The combi-targeting concept: intracellular fragmentation of the binary epidermal growth factor (EGFR)/DNA targeting “combi-triazene” SMA41

Stephanie L. Matheson , Fouad Brahimi and Bertrand J. Jean-Claude Corresponding Author Contact Information, E-mail The Corresponding Author
Cancer Drug Research Laboratory, McGill University Health Center/Royal Victoria Hospital, M7.19, 687 Pine Ave. West, Montreal, Que., Canada H3A 1A1
Received 28 August 2003;  accepted 15 October 2003.  Available online 14 January 2004.



Abstract

We have designed a novel tumor targeting strategy that consists of designing molecules termed “combi-molecules” or TZ-I to be masked forms of multiple antitumor agents. One such molecule SMA41, the TZ-I prototype, has been shown to target the epidermal growth factor receptor (EGFR) and to degrade under physiological conditions to give SMA52 (I) (an inhibitor of EGFR) and methyldiazonium (TZ) (a DNA alkylating species). While the antiproliferative advantages of this novel binary targeting strategy have now been demonstrated, the exact subcellular localization of the degradation products released from SMA41 remained elusive. Here we exploited the fluorescence properties of SMA52 to study its release from SMA41 and its subcellular distribution. Further, using 14C-labeled SMA41, we determined the distribution of the methydiazonium within subcellular macromolecules (DNA, RNA, protein). The results showed that SMA41 degraded to SMA52 in the carcinoma of the vulva cell line A431 with a half-life of 11 min. The latter compound was primarily distributed in the perinuclear region. At equimolar concentrations, higher levels of SMA52 were observed when released from SM41 than when the cells were directly exposed to SMA52, indicating that the combi-molecular approach may offer a transport advantage to the released bioactive species. Radioactivity associated with SMA41 3-[14C]-methyl group was distributed throughout DNA, RNA, and protein, the latter macromolecule being the most alkylated. The results suggest that SMA41 (TZ-I) may diffuse into the cells, break down into two species: SMA52 (I) concentrated in the perinuclear region and methyldiazonium (TZ) that diffuses in all intracellular organelles and unspecifically alkylates RNA, protein, and nuclear DNA.

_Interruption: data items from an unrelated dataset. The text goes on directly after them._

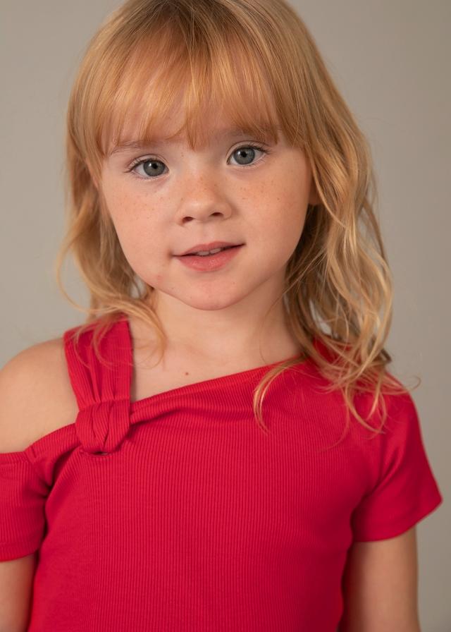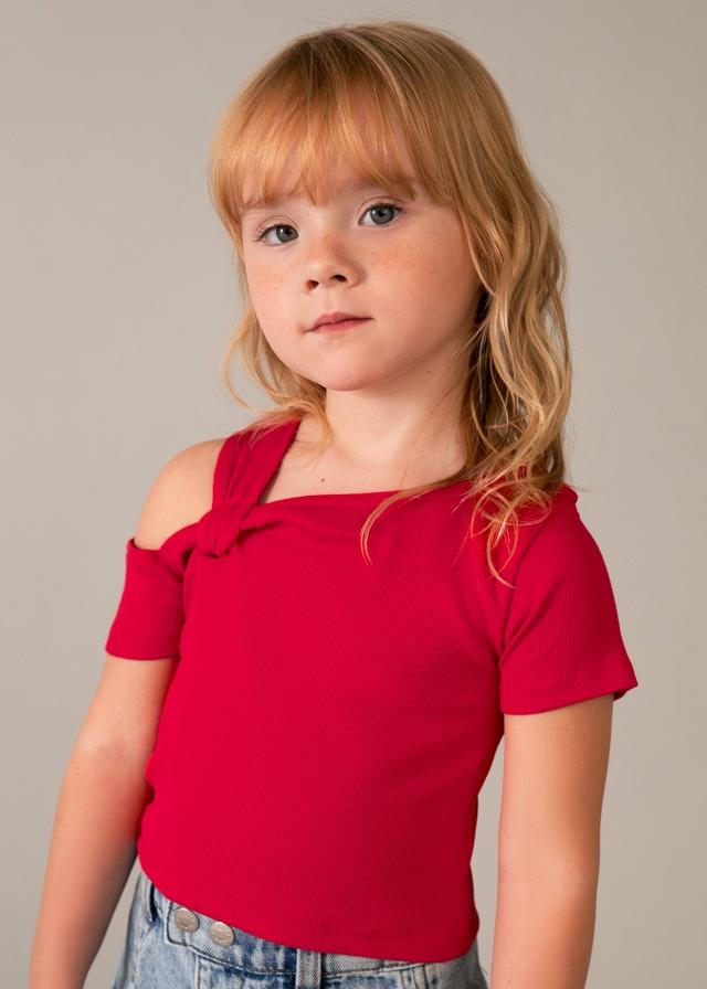 Camiseta lisa asimétrica para niñaColor: Persimon
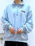 ご覧いただきありがとうございます** ◇ロゴハーフジッププルオーバー◇ Sサイズを着用しております♪ 着丈は少し長めなので、腰回りのカバーも出来ます◎ ポリエステルとコットンの混紡素材なので、強度もありシワになりにくいのも嬉しいポイントです♡ 各アイテムのアップ画像も載せています☺︎ ぜひお試しください**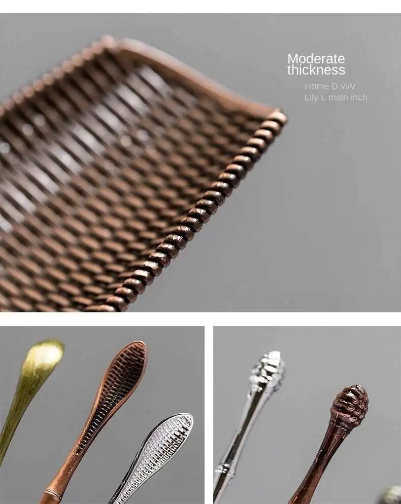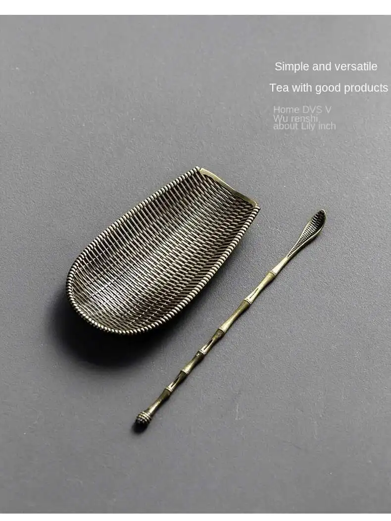 Alloy Bamboo Woven Tea Spoon Caddy Spoon Tea Holder Tea Reward Tea Ceremony Kung Fu Tea Utensils Tea Shovel Filter Scoop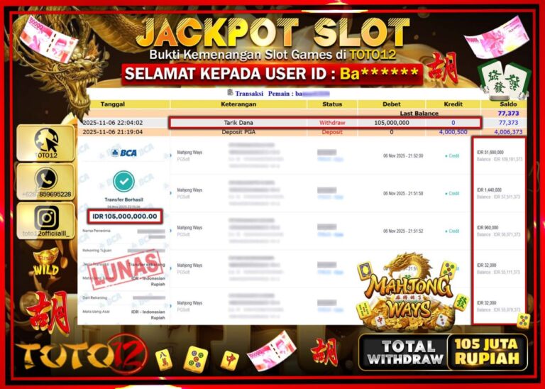 Selamat kepada Member Kami Ba****** Telah Jackpot dan berhasil mendapatkan kemenangan besar pada permainan JACKPOT SLOT GAME (MAHJONG WAYS) Dengan Kemenangan Sebesar Rp.105.000.000 –. Setelah mengisi Fomulir Withdraw dengan Kurang waktu 1-2 Menit Dana sudah kami Trasnfer kepada Pemilik Userid dan dana sudah dapat di cairkan oleh pemenang. Bukti Pembayaran yang TOTO12 berikan merupakan Bukti Pembayaran…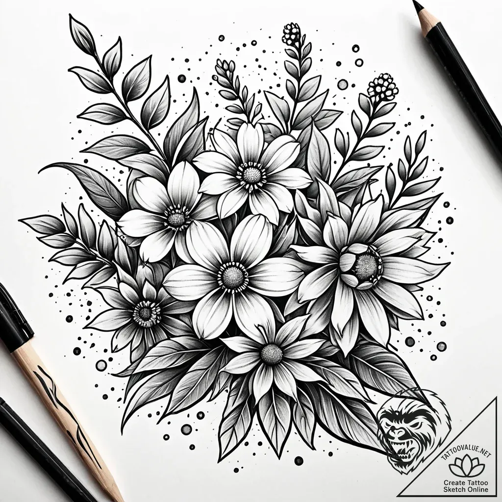 Tat tattoo sketch, wildflower bouquet painted… – style Jaeger Simple – tattoo sketch (02.01.2026 02:56)

cpm, counts per minute; EGFR, epidermal growth factor receptor; I, tyrosine kinase inhibitor; TZ, triazene; TZ-I, combi-triazene



1. Introduction

The overexpression and dysfunction of the epidermal growth factor receptor (EGFR) is associated with aggressive tumor growth, autocrine stimulatory loops, and poor patient prognosis [1, 2 and 3]. Blockade of the tyrosine kinase (TK) activity of EGFR using small molecule inhibitors has now been shown to translate into significant antitumor activity in vivo [4 and 5]. Novel 4-anilinoquinazolines have been developed that bind to the ATP binding site of EGFR TK, thereby blocking EGFR autophosphorylation and downstream growth signaling [6 and 7]. Since these compounds block EGF-induced growth, where apoptosis is not induced they only exert a reversible cytostatic effect. Further, they require long-term repeated doses in order to induce tumor regression in vivo. This is in agreement with our recent observation that 6-aminoquinazolines lose their antiproliferative activities when cell cultures are washed free of the drugs [8].

To circumvent problems associated with the reversibility of EGFR inhibitors, we recently designed a novel tumor targeting strategy termed “combi-targeting” that seeks to synthesize molecules designed to not only block EGFR TK on their own, but also to release an alkylating species capable of damaging DNA upon hydrolysis [8, 9 and 10]. This was expected to confer a cytotoxic function to these inhibitors. As outlined in Scheme 1, a molecule termed “combi-molecule” or TZ-I (see TZ-IEXT) is designed to penetrate cells by passive diffusion (path 1) and once inside the cells (see TZ-IINT), the molecules can either bind to EGFR (path 2) or degrade to generate a DNA damaging agent (TZ) and an inhibitor of EGFR (I) (path 4) [8 and 9]. TZ-I can also heterolyze at the receptor site to lead to a damaged receptor (see TZ-EGFR) and a free I that may further bind to nondamaged receptors as outlined in path 3. We have already shown that TZ-I could irreversibly block EGF-induced EGFR autophosphorylation in whole cells, suggesting that path 3 may also contribute to the EGFR inhibitory activities of the TZ-Is [10].1 The feasibility of molecules capable of acting through all the pathways proposed in Scheme 1 was primarily tested with the first prototype of combi-molecule termed “SMA41”, a quinazoline linked to an alkyltriazene (TZ-I) (see Scheme 2) that has been shown to bind to EGFR on its own and to release another inhibitor of EGFR (I)+a methyldiazonium species (TZ) in the human epidermal carcinoma of the vulva cell line A431 [8]. This combi-molecule was shown to possess the dual ability to induce a dose-dependent blockade of EGFR autophosphosphorylation in these cells and to damage DNA. The binary targeting effect of the combi-molecule translated into increased potency in cells resistant to temozolomide, a clinical triazene used in the therapy of brain tumors and malignant melanoma [11 and 12]. More importantly, SMA41 exhibited 3-fold greater potency than isoeffective combination of a reversible inhibitor of EGFR+temozolomide [8].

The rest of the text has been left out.